Hölder's inequality with $p=1,q=\infty$ and SDEs

Question

I have an expression of an expectation of stochastic processes at time $T$, $$\mathbb{E}[X_TM_T]$$ $M_T$ is a martingale such that $\mathbb{E}[M_T] = \mathbb{E}[M_0] = M_0 = 1 $. I am tempted to apply Hölder's inequality to write $$\mathbb{E}[X_TM_T]\le \mathbb{E}[|X_T|]E[|M_T|^\infty]^{\frac{1}{\infty}}$$

My question is: is it possible to evaluate $E[|M_T|^\infty]^{\frac{1}{\infty}}$? As far as I know this is the infinity norm, which is usually defined as the max value of the elements, but I rarely see it with this expected value notation. What I hope is that we can use the martingale property of $M_t$ but after thinking more it seems maybe the martingale property doesn't matter for norms besides the 1-norm.

Answer 1

A remark, your Holder's inequality should be $$\mathbb{E}[X_TM_T]\le \mathbb{E}[|X_T|]E[|M_T|^\infty]^{\frac{1}{\infty}}$$ ($\mathbb{E}[|X_T|]$, not $\mathbb{E}[X_T]$)

About your question, it's all about the convention.

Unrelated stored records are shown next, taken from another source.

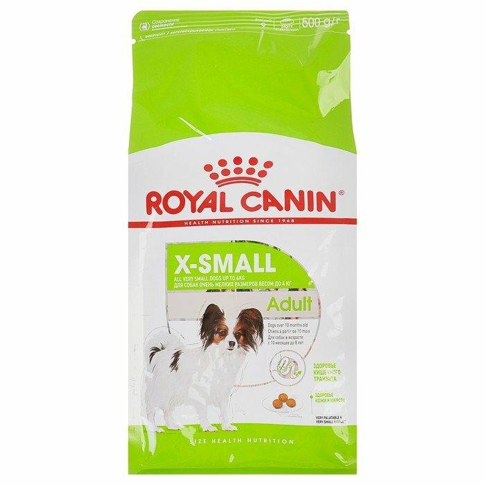 Корм сухой полнорационный для взрослых собак (старше 10 месяцев) очень мелких размеров (весом до 4 кг) X-SMALL ADULT (ИКС-СМОЛ ЭДАЛТ) ROYAL CANIN®, подходящий для собак миниатюрных пород в возрасте от 10 месяцев до 8 лет, специально разработан с учетом потребностей вашей собаки в питательных веществах.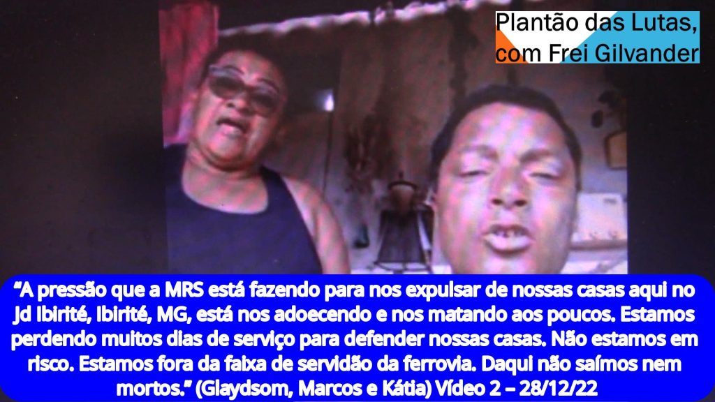 “A pressão que a MRS está fazendo para nos expulsar de nossas casas aqui no Jd Ibirité, Ibirité, MG, está nos adoecendo e nos matando aos poucos. Estamos perdendo muitos dias de serviço para defender nossas casas. Não estamos em risco. Estamos fora da faixa de servidão da ferrovia. Daqui não saímos nem mortos.” (Glaydsom, Marcos e Kátia) Vídeo 2 – 28/12/22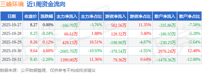 资金流向数据方面,本周三峰环境主力资金合计净流出877.66万元,游资资金合计净流入132.8万元,散户资金合计净流入744.86万元。本周资金流向一览见下表: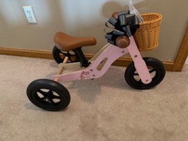 KRIDDO Kids Wooden Tricycle with Adjustable Seat for 1-4 Years & Pink Helmet. Local Pick-Up Only - No Shipping.
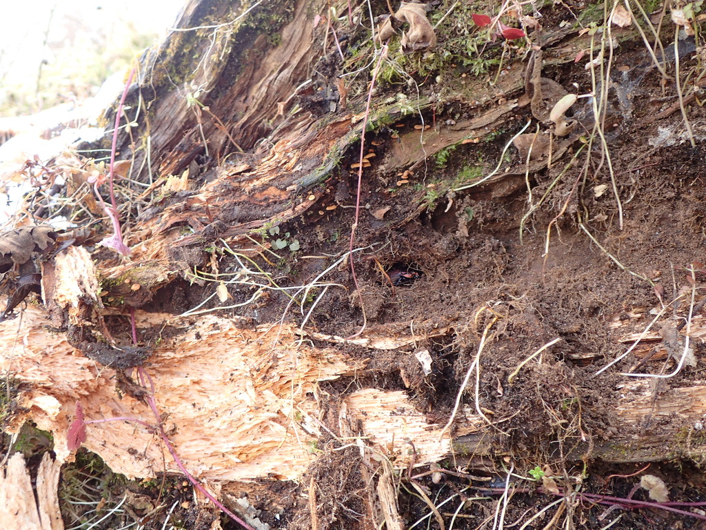倒木の一つに、根際に土が絡んでいるものがありました。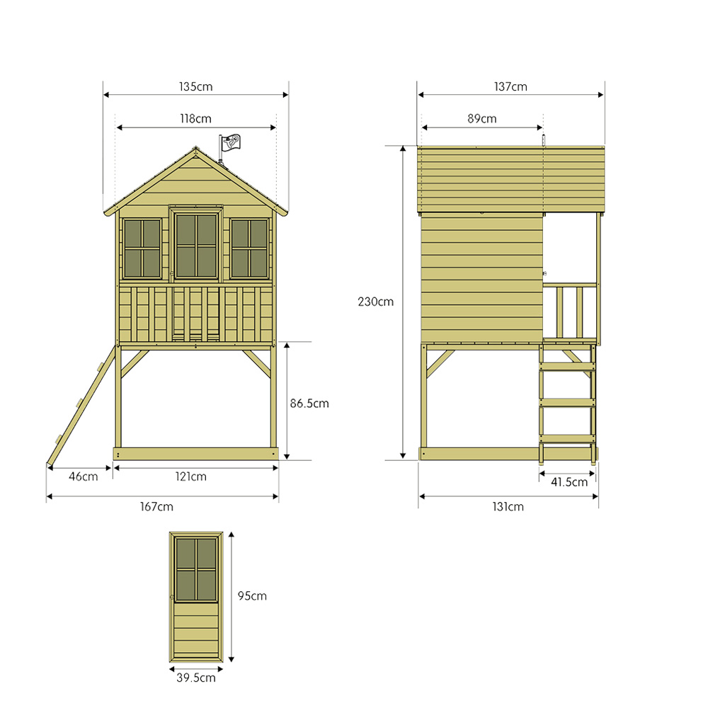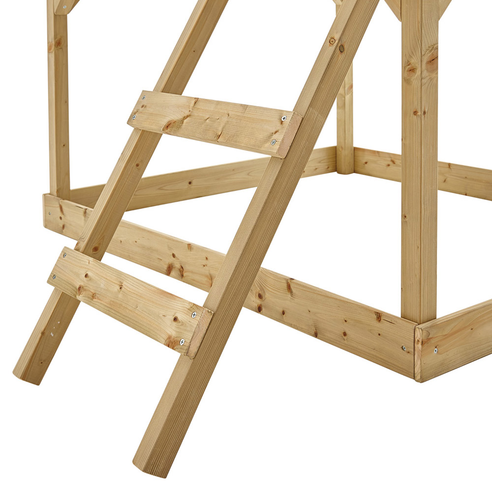 TP Hilltop Wooden Tower Playhouse is raised on a sturdy platform. The playhouse is treated and made from wood panels, which are easy to assemble. The playhouse features two windows and a door. The wooden platform can be accessed with a ladder. The shaded space created by the platform makes for the shaded sandpit area. The sandpit is ideal for sunny gardens and extra play value.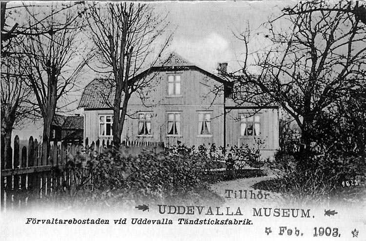 Tryckt text på vykortets framsida: "Förvaltarbostaden vid Uddevalla Tändsticksfabrik."

What is the definition of $E[|M_T|^\infty]^{\frac{1}{\infty}}$? According to the Hölder's inequality convention, this is the supremum of $M_T$. Hence, by definition $$E[|M_T|^\infty]^{\frac{1}{\infty}} := \sup |M_T|$$

Besides, without Holder's inequality, we have $$E(X_TM_T) \le E(|X_T| \sup |M_T|) = E(|X_T|)\sup |M_T| $$

Answer 2

If you use Holder's with $p=1,q=\infty$ you are assuming that $X_T \in \mathcal{L}^1(\mathbb{P})$ and $M_T \in \mathcal{L}^\infty(\mathbb{P})$. Then you get that $\mathbb{E}[X_TM_T]< \infty$ and $$|\mathbb{E}[X_TM_T]|\leq\mathbb{E}[|X_TM_T|]=\int|xm|d\mathbb{P}\leq\underbrace{\bigg(\int|x|d\mathbb{P}\bigg)}_{\|X_T\|_1=\mathbb{E}[|X_T|]}\|M_T\|_{\infty}=\mathbb{E}[|X_T|]C, \ \ \ C > 0$$ Mind the infinity seminorm is not really $(\int|m|^\infty\mathbb{P})^{\frac{1}{\infty}}$, if you say $M_T \in \mathcal{L}^\infty(\mathbb{P})$ it just means that $M_T$ is a.e. bounded by some $c$ and $\|M_T\|_{\infty}$ is the greatest lower bound of the set of possible $c$'s.